* _Brief_: Take the entries below and reproduce exactly the portion that begins at the line containing "複数連結して重ね吊りできます" and ends at the line containing "NINO CASSANI (1930)Senza", keeping both ends, dropping pictures, and adding nothing else.

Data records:
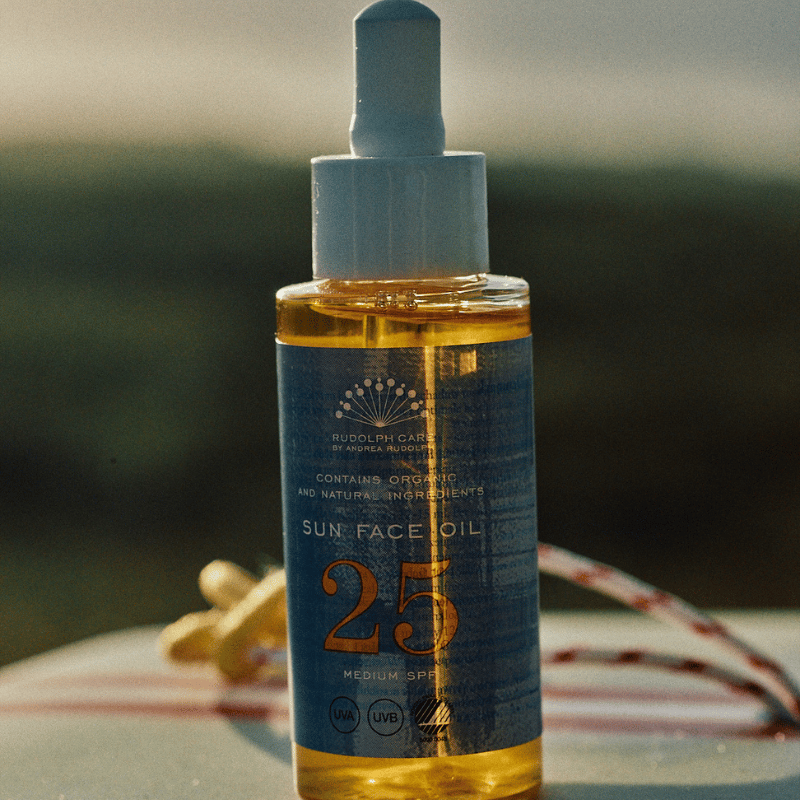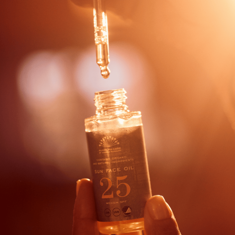 Sun Face Oil SPF 25 er en fugtgivende og plejende ansigtsolie, der beskytter huden i ansigtet mod solens stråler med solfaktor 25. Sun Face Oil har en opstrammende effekt og forbedrer hudens tekstur og tone. Konsistensen føles let og delikat på huden, og olien trænger hurtigt ind. Det høje indhold af aktive ingredienser arbejder med huden – som algeekstrakt, rig på omega 3-6-9 fedtsyrer, der opretholder hudens smidighed og blødhed. Havtornolie booster huden med vitamin C – imens hybenroseolie gennemfugter huden og efterlader den med elasticitet og glød. Certificeret med Svanemærket og Vegan Trademark.Godt at vide:- Rudolph Care
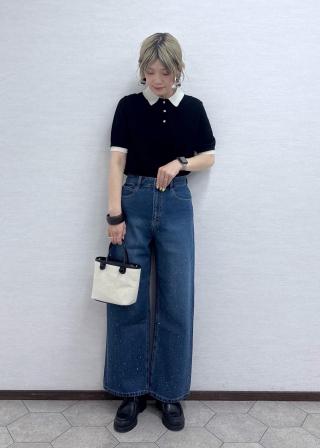・シンプルなワイドパンツで大人なきれいめカジュアルが完成。
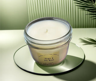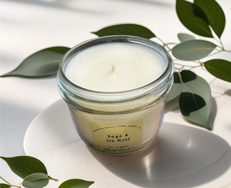 The 8oz Mason Jar candle is expertly crafted with a blend of Coconut Apricot Wax, infused with the refreshing scents of Sage & Sea Moss. Experience the calming and soothing benefits of these natural ingredients as the warm glow of the candle fills the room.
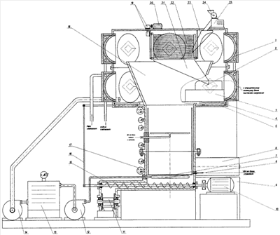 Резаный продукт по загрузочному лотку 23 поступает в сортировальное устройство, где происходит разделение на две фракции: сход и проход. Проходом являются частицы меньшего размера, несоответствующие технологическим требованиям (допускается в пределах 5…8%), а сходом – стандартные частицы. Процесс сортирования происходит при вращении барабана сортировки, скорость вращения которой подобрана таким образом, чтобы частицы находились в свободном падении (полете) внутри барабана. Это приводит к интенсификации процесса, так как увеличивается площадь воздействия вакуума на каждую отдельно взятую частицу продукта, а следовательно, уменьшается и вероятность слипания частиц между собой, что приводит к уменьшению времени обработки в вакууме на стадии самозамораживания. Нестандартные частицы по лотку 21, расположенному снизу барабана, направляются к окну выгрузки льда и некондиционной фракции. Лед и нестандартные частицы отводятся конвейером карусельного типа 4, который движется по роликам 5 и приводится в движение электроприводом 10 через ременную передачу 16. Прилипший лед с конвейера снимается декой 3 и удаляется через вакуумный затвор 6 в бункер-плавитель 9. Резаный сортированный продукт через собирающую воронку 18 падает в сушильную камеру, где сушится под воздействием СВЧ- и УЗИ-полей. На стадии удаления остаточной влаги в нижнюю часть сушилки подается сушильный агент (инертный газ, воздух) через термостат 13 насосом 12 в рассеиватель 8.
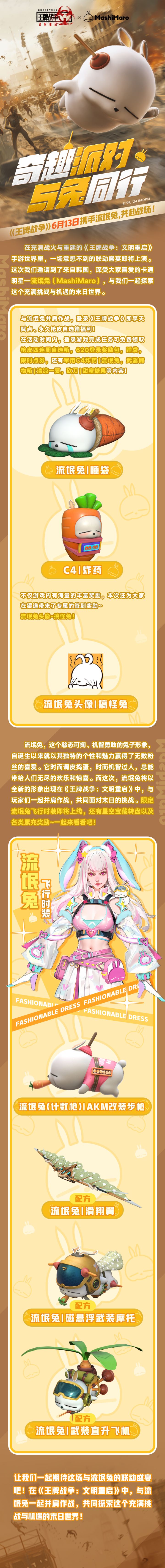 在充满战火与重建的《王牌战争:文明重启》手游世界里,一场意想不到的联动盛宴即将上演。这次,我们邀请到了来自韩国,深受大家喜爱的卡通明星——流氓兔(MashiMaro),与我们一起探索这个充满挑战与机遇的末日世界。
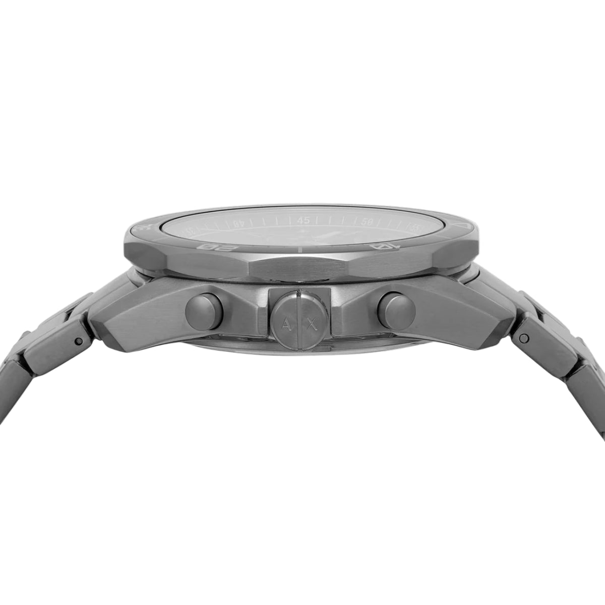 The Armani Exchange AX1959 is a commanding 44mm timepiece crafted for those who appreciate modern edge with timeless functionality. Featuring a black textured dial that adds depth and character, this watch is powered by a reliable chronograph movement for precise timekeeping. The gunmetal stainless steel bracelet complements the dark dial perfectly, creating a sleek and industrial-inspired aesthetic. Whether you're dressing up or keeping it casual, this watch adds a sharp, confident finish to any look.
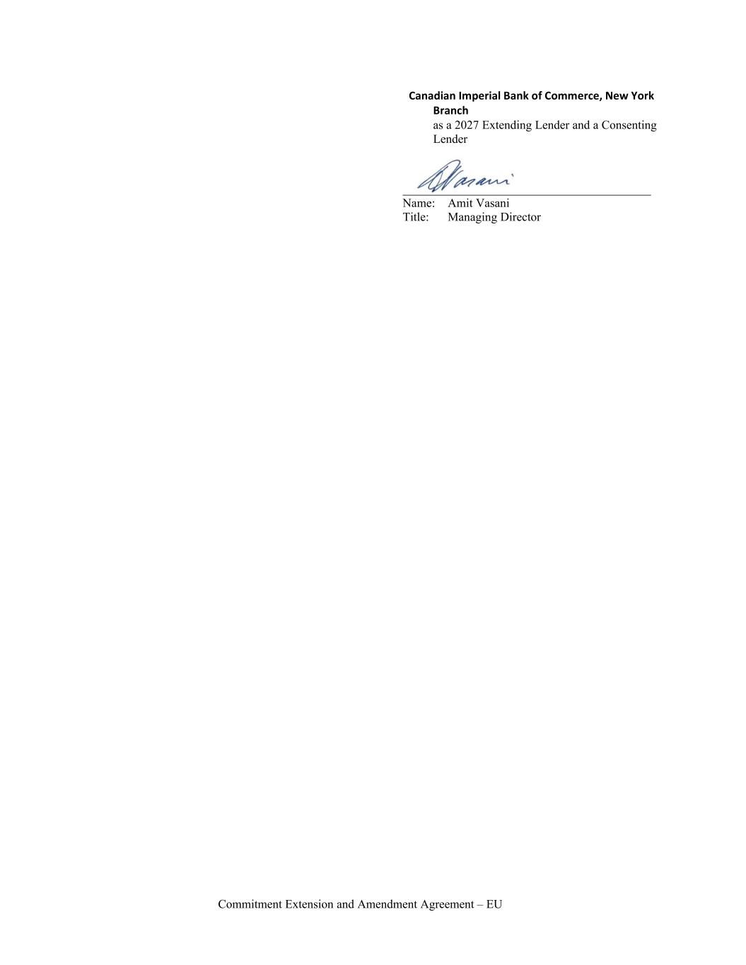 Commitment Extension and Amendment Agreement – EU Canadian Imperial Bank of Commerce, New York Branch as a 2027 Extending Lender and a Consenting Lender Name: Amit Vasani Title: Managing Director
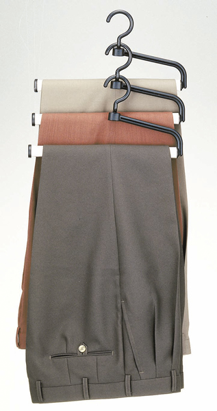 複数連結して重ね吊りできます。 1着分のスペースに複数のスラックスを収納できるので、省スペースで収納力UP。
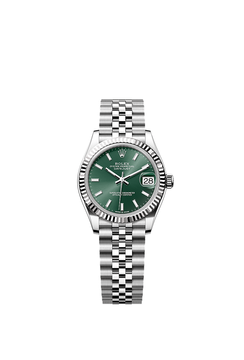 Este Oyster Perpetual Datejust 31 en acero Oystersteel y oro blanco presenta una esfera verde menta y un brazalete Jubilee.
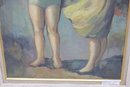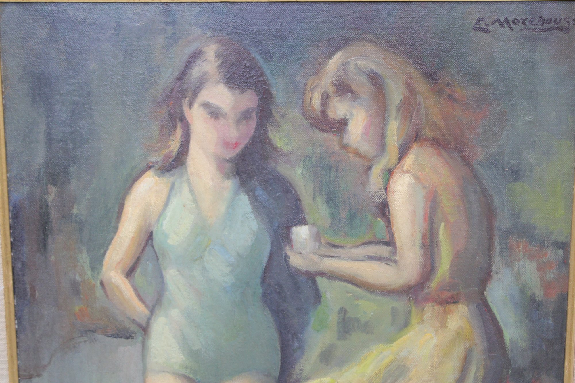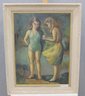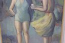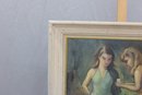 a signed original oil painting on artist board, depicting two young girls in a softly rendered figurative scene. The figures are painted with expressive brushwork and a muted, harmonious palette, giving the composition a gentle, intimate quality typical of mid-20th-century figurative art.
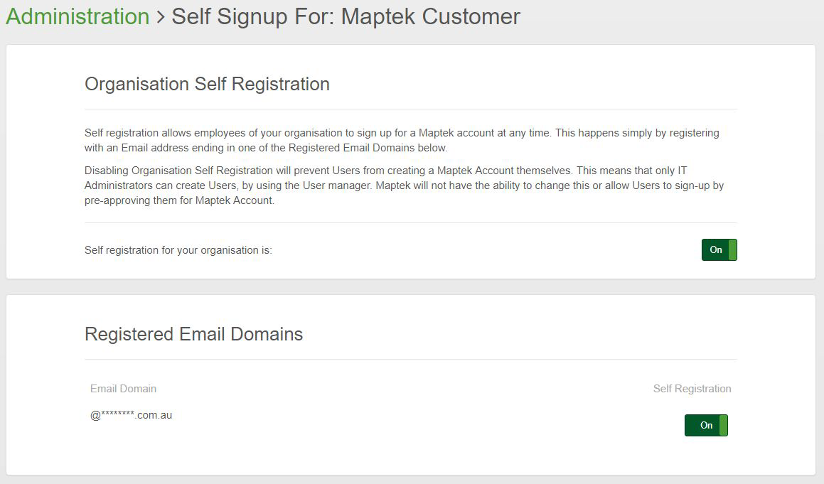 Maptek is able to register email domains on your behalf for self registration. This means that:
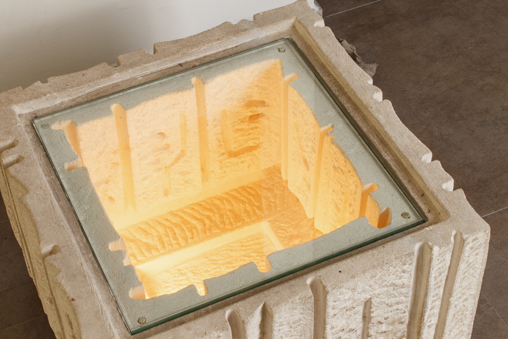 NINO CASSANI (1930)Senza TitoloScultura in pietra, vetro e lampadinecm 37x52x52
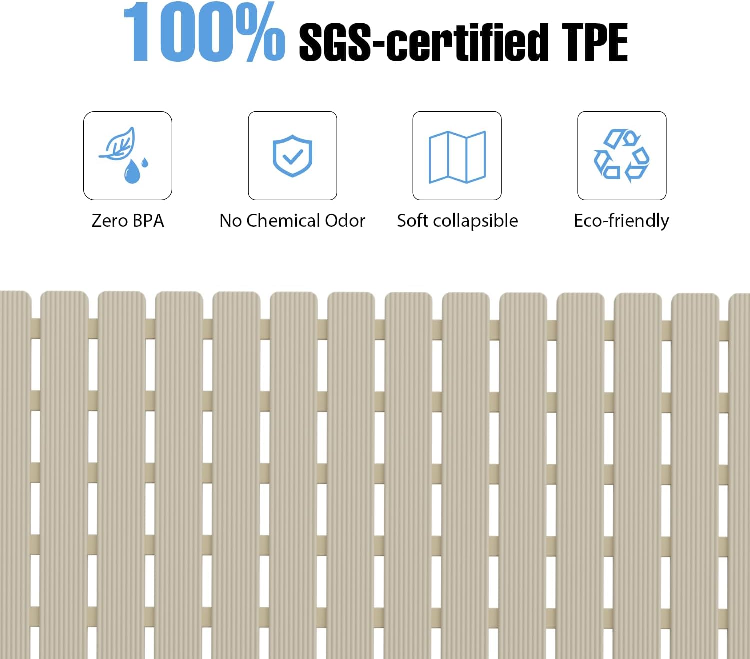 - SGS-Certified TPE: This non-slip bath mat for shower/tub is crafted with 100% SGS-certified TPE (Test Report NO.CANEC25008026405), featuring Zero BPA & Chemical Odor,trusted by 12,000+ Families for Baby Bath Time Safety.
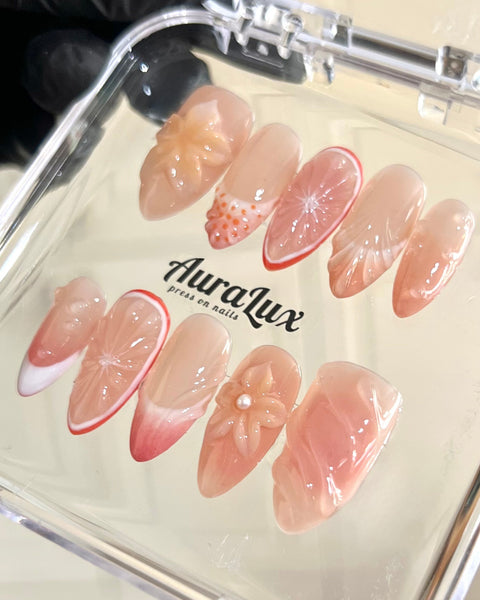 Warm peach and nude tones with abstract petal designs and subtle shimmer, creating a soft, elegant finish. Ideal for brunches, weddings, and feminine everyday looks.
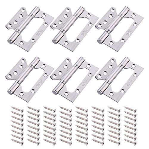 JIZZU 304 rostfritt stål gångjärn, 6 stycken gångjärn rostfritt gångjärn med 64 st skruvar rostfritt stål ytterdörrgångjärn för garderob, 10 x 6 cm silver
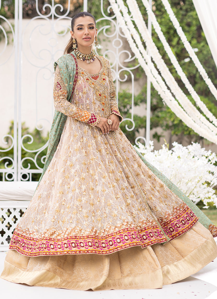 The exclusively woven jaamawar gold lehnga adds a stunningly graceful flair to this must-have ensemble, made to love and cherish for years to come.
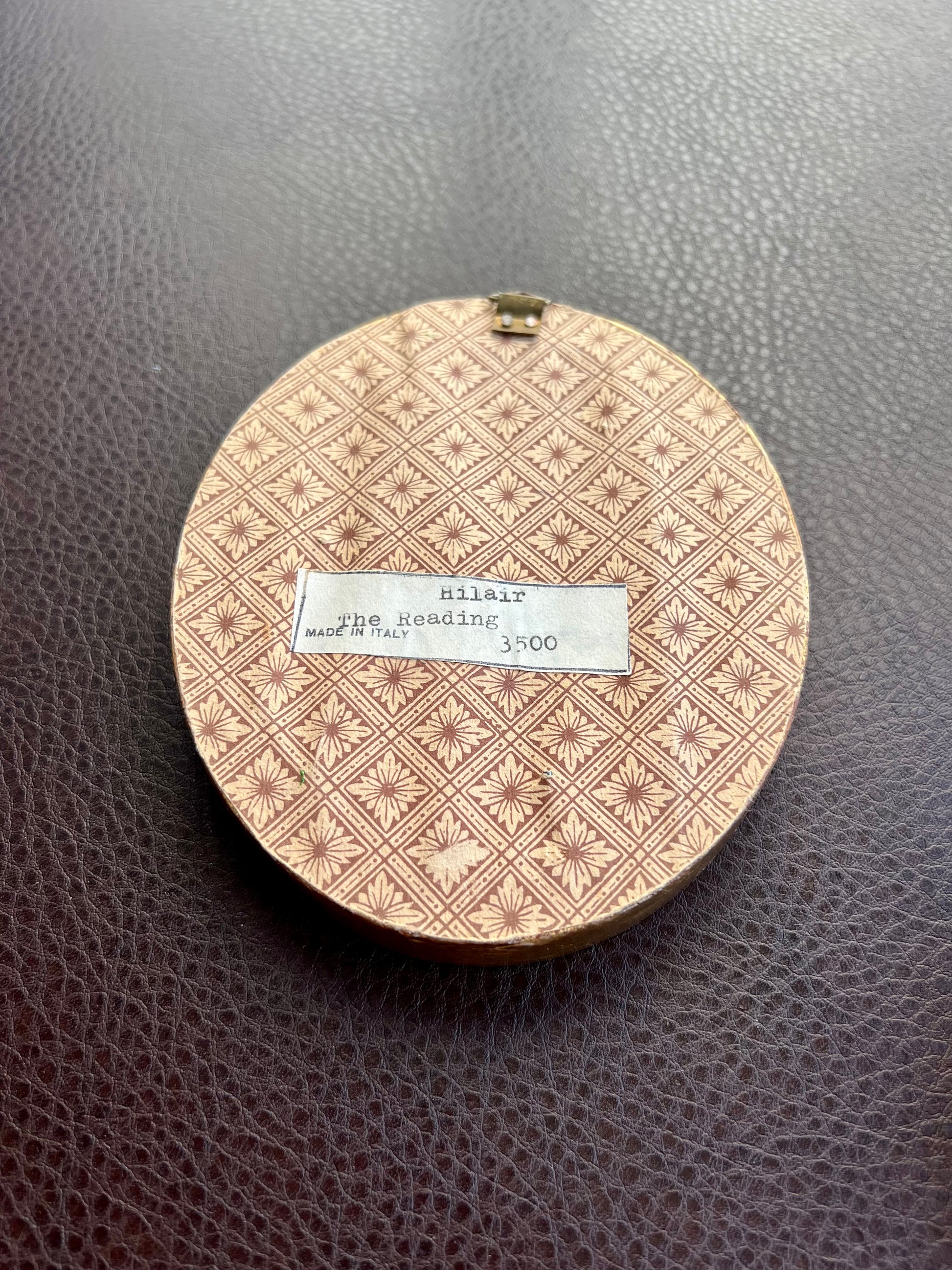 Beautiful miniature vintage Florentine paper art print. Gilt wood oval frame under glass. It has a triangle hook for hanging. Made in Italy, Florence. It’s in very good vintage condition. Numbered, hand made.
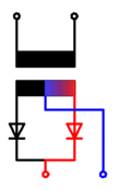 Heute verwendet man häufig Doppeldioden (Silizium- oder Schottkydioden) mit gemeinsamer Kathode. Sie bestehen aus einem Chip, der zwei Dioden enthält und dessen Rückseite, als gemeinsame Kathode, auf eine Kühlfahne gelötet ist.

* _Response to this exercise_:
 複数連結して重ね吊りできます。 1着分のスペースに複数のスラックスを収納できるので、省スペースで収納力UP。
 Este Oyster Perpetual Datejust 31 en acero Oystersteel y oro blanco presenta una esfera verde menta y un brazalete Jubilee.
 a signed original oil painting on artist board, depicting two young girls in a softly rendered figurative scene. The figures are painted with expressive brushwork and a muted, harmonious palette, giving the composition a gentle, intimate quality typical of mid-20th-century figurative art.
 Maptek is able to register email domains on your behalf for self registration. This means that:
 NINO CASSANI (1930)Senza TitoloScultura in pietra, vetro e lampadinecm 37x52x52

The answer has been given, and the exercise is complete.